Silver-containing compound and Palladium-containing compound: Any soluble silver salt and palladium salt can be used in the method of the invention so long as it is inert with respect to the carrier gas used to form the aerosols. Examples of suitable salts are AgNO3, Ag3 PO4, Ag2 SO4, Pd(NO3)2, PdSO4, Pd3 (PO4)2 and the like. Insoluble silver or palladium salts are not suitable. The silver-containing compound and palladium-containing compound may be used in concentrations as low as 0.002 mole/liter and upward to just below the solubility limit of the particular salt. It is preferred not to use concentrations below 0.002 mole/liter or higher than 90% of saturation.
While it is preferred to use water-soluble silver salts as the source of silver and water-soluble palladium salts as the source of palladium for the method of the invention, the method can, nevertheless, be carried out effectively with the use of other solvent-soluble compounds such as organometallic silver, palladium, or mixed silver-palladium compounds dissolved in either aqueous or organic solvents.
Operating Variables: The method of the invention can be carried out under a wide variety of operating conditions so long as the following fundamental criteria are met:
1. The concentration of the silver-containing compound and the palladium-containing compound in the aerosol must be below the saturation concentration at the feed temperature and preferably at least 10% below the saturation concentration in order to prevent precipitation of solids before removal of the liquid solvent;
2. The concentration of droplets in the aerosol must be sufficiently low so that it is below the concentration where collisions and subsequent coalescence of the droplets results in a 10% reduction in droplet concentration;
3. The temperature of the reactor is below the melting point of the formed alloy. For example, below 1170° C. the melting point for 70/30 Ag/Pd, 1335° C. the melting point for 40/60 Ag/Pd, and 1420° C. the melting point for 20/80 Ag/Pd.

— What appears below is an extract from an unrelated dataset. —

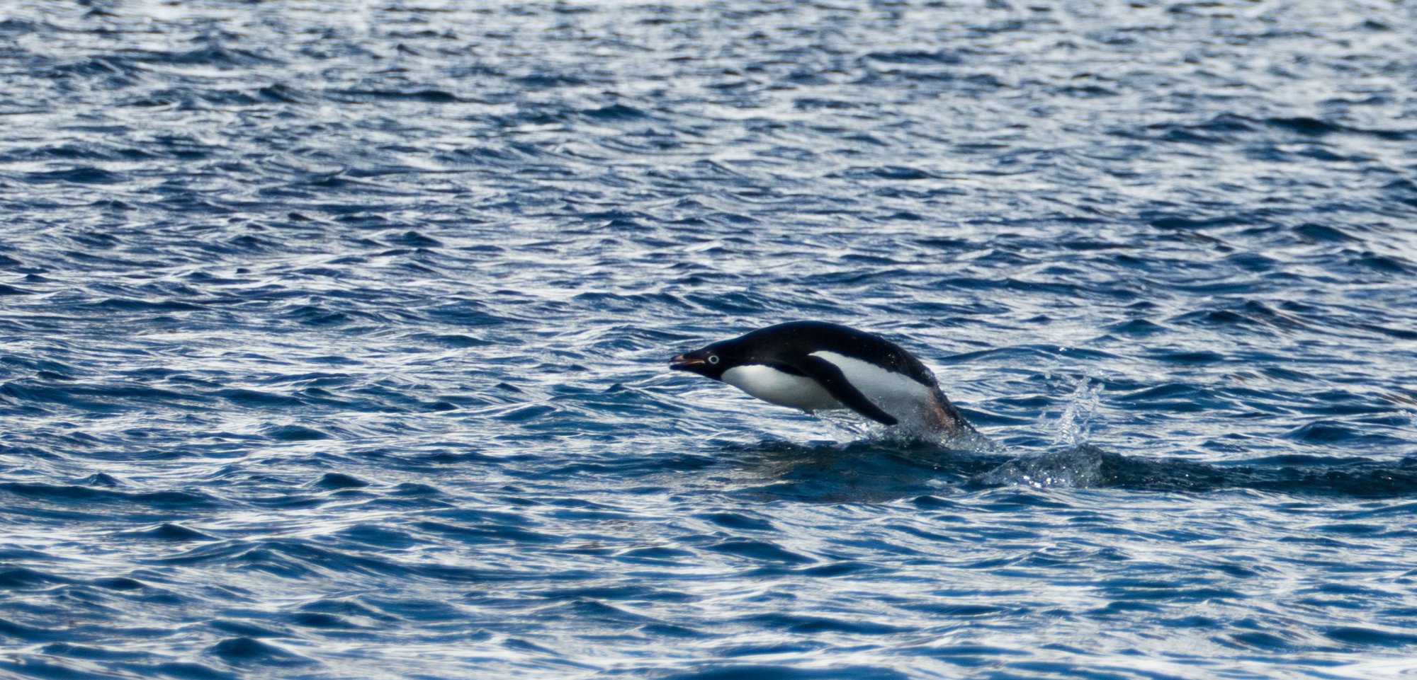 National Geographic Resolution spent the day surrounded by icebergs and sea ice in Crystal Sound as the weather got sunnier throughout the day. Guests experienced Detaille Island during the morning activities. Everyone went on guided Zodiac rides around the island where we saw numerous crabeater seals and icebergs. We stopped to observe an Adelie penguin colony, including dozens of penguins waiting to jump in the ocean. Many people went on shore to see the historic research hut from 1956-58, including all the original canned food and equipment kept in pristine condition. Some guests climbed the snowy hill to see the top of the penguin colony across a deep ravine. In the afternoon, the ship cruised around Crystal Sound so we could see the sea ice, glacial icebergs, and huge tabular icebergs. There were beautiful blue sea caves and arches in many of the icebergs, as well as dozens of crabeater seals on the sea ice. However, two humpback whales stole the show when they appeared in the sea ice near the ship. We could hear their loud exhaling and see them diving up close. The rest of the day was spent relaxing, enjoying a presentation, cocktail hour, recap, and dinner as the sun showed brightly in the west. What a perfect day to end our awesome week in Antarctica.

Though it is essential to operate under the saturation point of the silver-containing compound and palladium-containing compound, their concentration is not otherwise critical in the operation of the process. Much lower concentrations of silver-containing and palladium-containing compounds can be used. However, it will ordinarily be preferred to use higher concentrations to maximize the mass of particles that can be made per unit of time.
Any conventional apparatus for droplet generation may be used to prepare the aerosols for the invention such as nebulizers, collision nebulizers, ultrasonic nebulizers, vibrating orifice aerosol generators, centrifugal atomizers, two-fluid atomizers, electrospray atomizers and the like. The particle size of the powder is a direct function of the droplet sizes generated. The size of the droplets in the aerosol is not critical in the practice of the method of the invention. However, as mentioned above, it is important that the number of droplets not be so great as to incur excessive coalescence which broadens the particle size distribution and increases the particle size.
In addition, for a given aerosol generator, concentration of the solution of the silver-containing compound and the palladium-containing compound has an effect on particle size. In particular, particle size is an approximate function of the cube root of the concentration. Therefore, the higher the silver-containing and palladium-containing compounds concentration, the larger the particle size of the precipitated silver. If a greater change in particle size is needed, a different aerosol generator must be used.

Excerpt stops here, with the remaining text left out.